Mirrors often occupy an uneasy place within the collective consciousness. A reflected replica of this world, not quite false, but not entirely real either. The liminal ambiguity lends itself well to folklore, legends, and myth; regaled tales of wandering eyes and flickering lights. Yet the most unsettling thing about a mirror is perhaps not the murky unknown that slinks in the shadows. It is more the fear that the face we see reflected back at us is, indeed, our own: unaltered, unedited, and unfiltered. Raw and candid – your authentic self.
Having spent the better half of my teenage years obsessively fixating on my appearance, I now feel a stranger to any semblance of authenticity in my twenties. The vanity in my bedroom can certainly attest to this. Resembling an ambitious Victorian apothecary, every crook and crevice is crammed with antidotes to the inevitable. Anti-aging, anti-wrinkle, and anti-frizz; serum for plumper lips, a concoction for brighter eyes, or cream for a smoother complexion. These promises I took as gospel, neatly arranging the tiny bottles in votive style around my mirror, in some delirious hope that these offerings would change what I see looking back at me.
But these insecurities bleed, and sharks can smell blood in the water. It doesn’t take long for social media algorithms to catch on. Endless pages of influencers preach ‘self-care’ with a siren-like hypnosis that sucks me in. Each clamouring for your attention through the screen, showcasing the newest, shiniest cosmetic product on the market. All of them brandish their version of the crème de la crème of the industry, a colourful rotation of more than 1000 ‘must have’ products – and you simply must have it. Can you afford the price of beauty? They implicitly ask. No answer is required, their profits will speak for you.

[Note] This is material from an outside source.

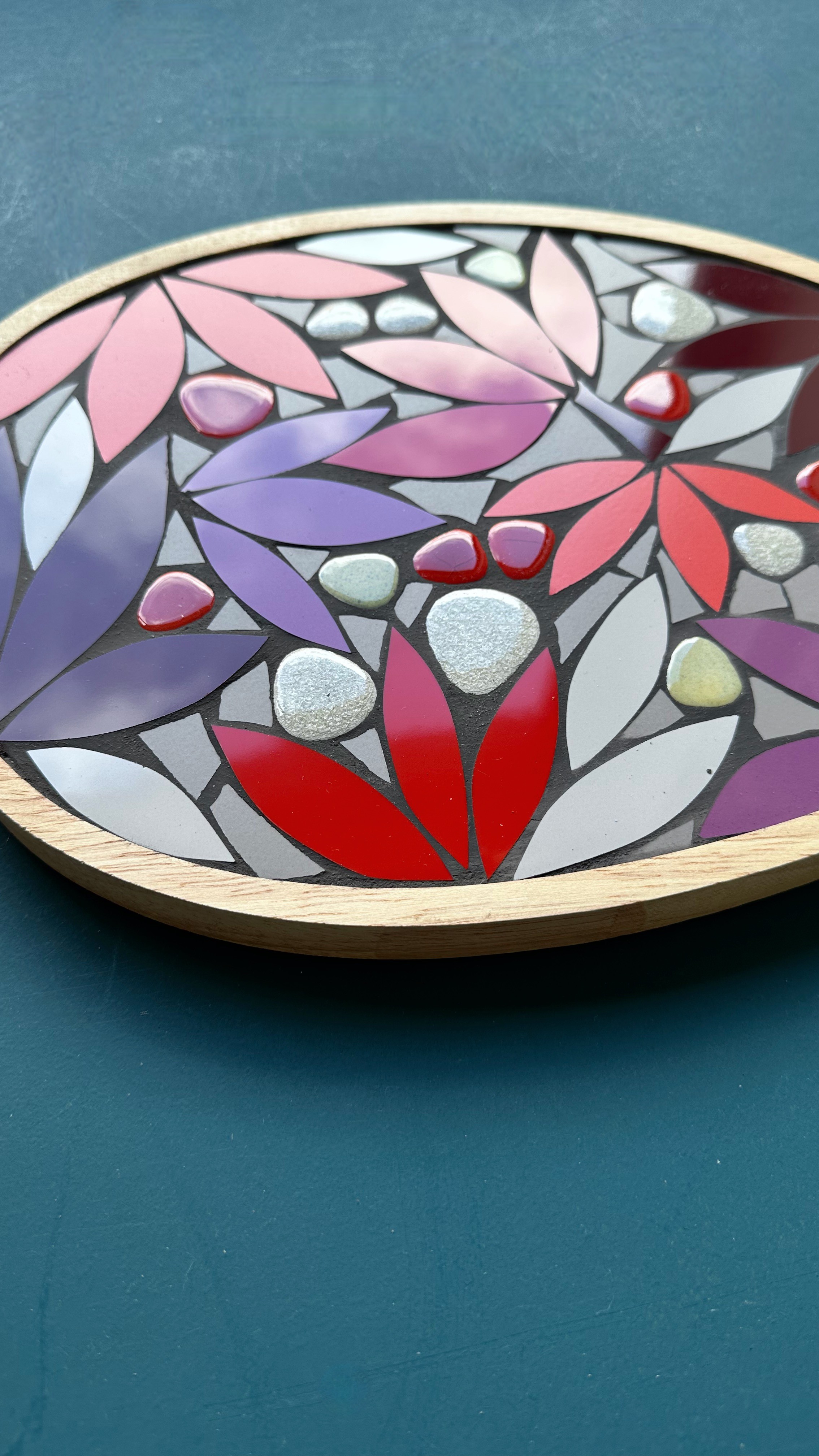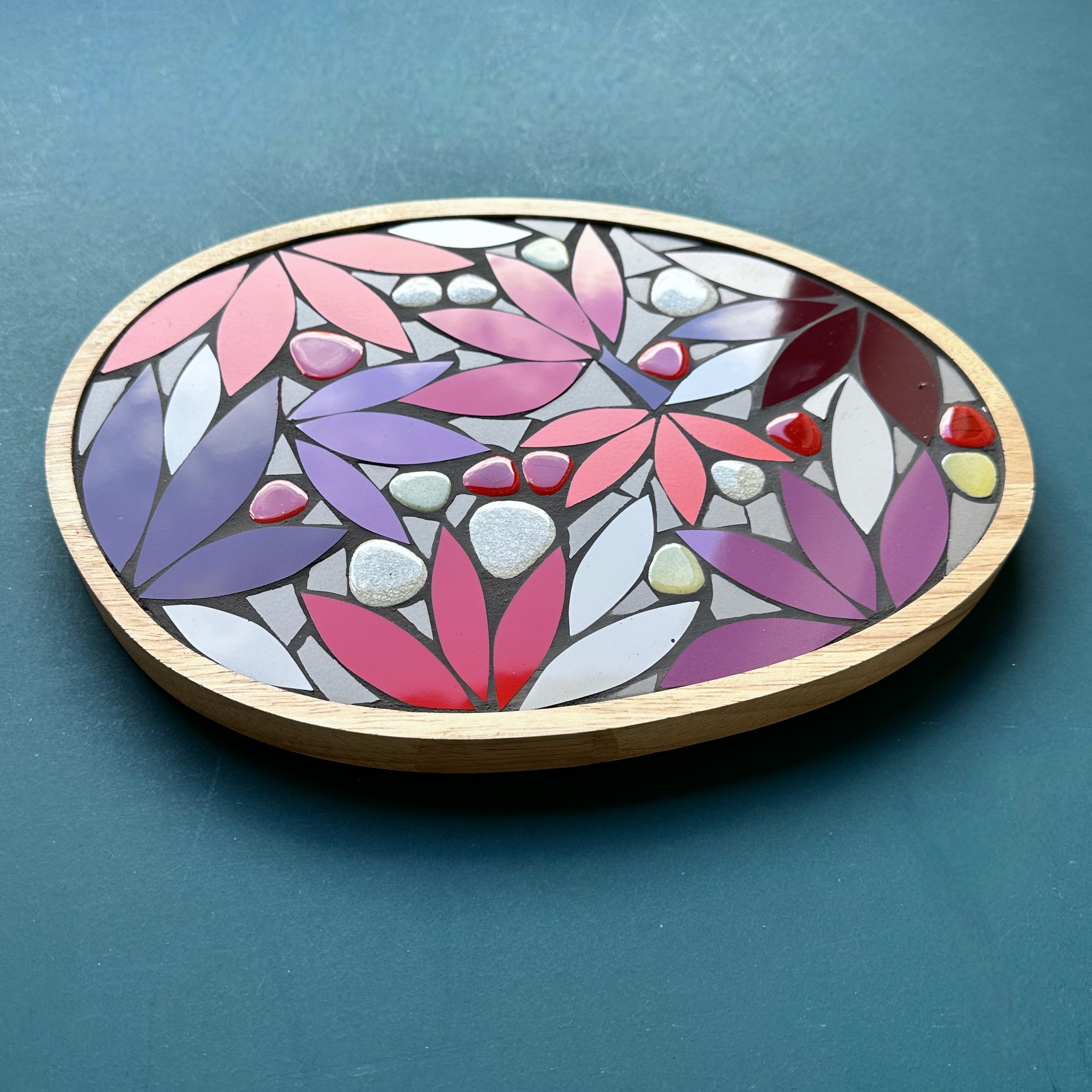 Le décor mosaïque est inséré dans un plateau en bois d'hévéa, d'une épaisseur de 2 cm. Entre le plateau et le centre de table, cet objet décoratif résistant à la chaleur et aux taches peut être disposé sur une surface plane, mais il peut aussi être imaginé comme un tableau mural. Il suffit de demander la pose d'une attache lors de votre commande. Son poids est de 1,1 kg.

Yet the notion of ‘self-care’, and all the images of tender softness it conjures, is entirely misleading. A trending buzzword that hides the authenticity it should champion – being content with your appearance doesn’t necessarily work for a brand image. Beauty becomes defined by what sells out first and the buyer’s market is saturated with our feelings of inadequacy, broken down and churned out into capitalist fodder. So chasing the consumerist high of the wholly unattainable can only end in disappointment. Inevitably, the only winners in this rat race are the companies that prey and profit off manufactured insecurities. If we’re not starving, how will they eat?
But, the knowledge that we’re lambs to the slaughter doesn’t really do much for self-confidence, and being aware of capitalist ploys certainly does not heal a festering wound. However, the resentment I felt on behalf of my teenage self towards this breed of influencer has become to feel misplaced. Although complicit in a system that is rigged to exploit insecurity, under the surface, they are perhaps no different to me. We are together stuck in this rut; discontent with our appearance, wishing to look like another. Draining your bank to fill the pockets of another avaricious corporation will not change the feelings that burn inside.
Despite these revelations, my reflection has not changed and my vanity table remains the same, so I will not pretend there is some magic cure-all remedy for this. But a labour of love has begun to take place; to be content with what I see in the mirror, I first have to mend the despair I have felt from within. This kind of metamorphosis is one I can gladly yield to – a transformation I will greet like an old friend.
Now, when I glimpse the crinkle around my Dad’s eyes as he laughs, and the curve of my Mum’s smile, I suddenly cannot bear the thought of not looking just like them. My face, as I see it now, is a tapestry of all those who love me. And if I pull at the threads, will the whole thing unravel? This uncertainty is enough to sate my curiosity. So, now, when I scrutinise my appearance in the mirror, I do not just see my own reflection staring back. I see the laugh lines that have formed from years of joking with my sister, I see the creases on my forehead from a lifetime of pulling faces with my parents, and, above all, I see myself.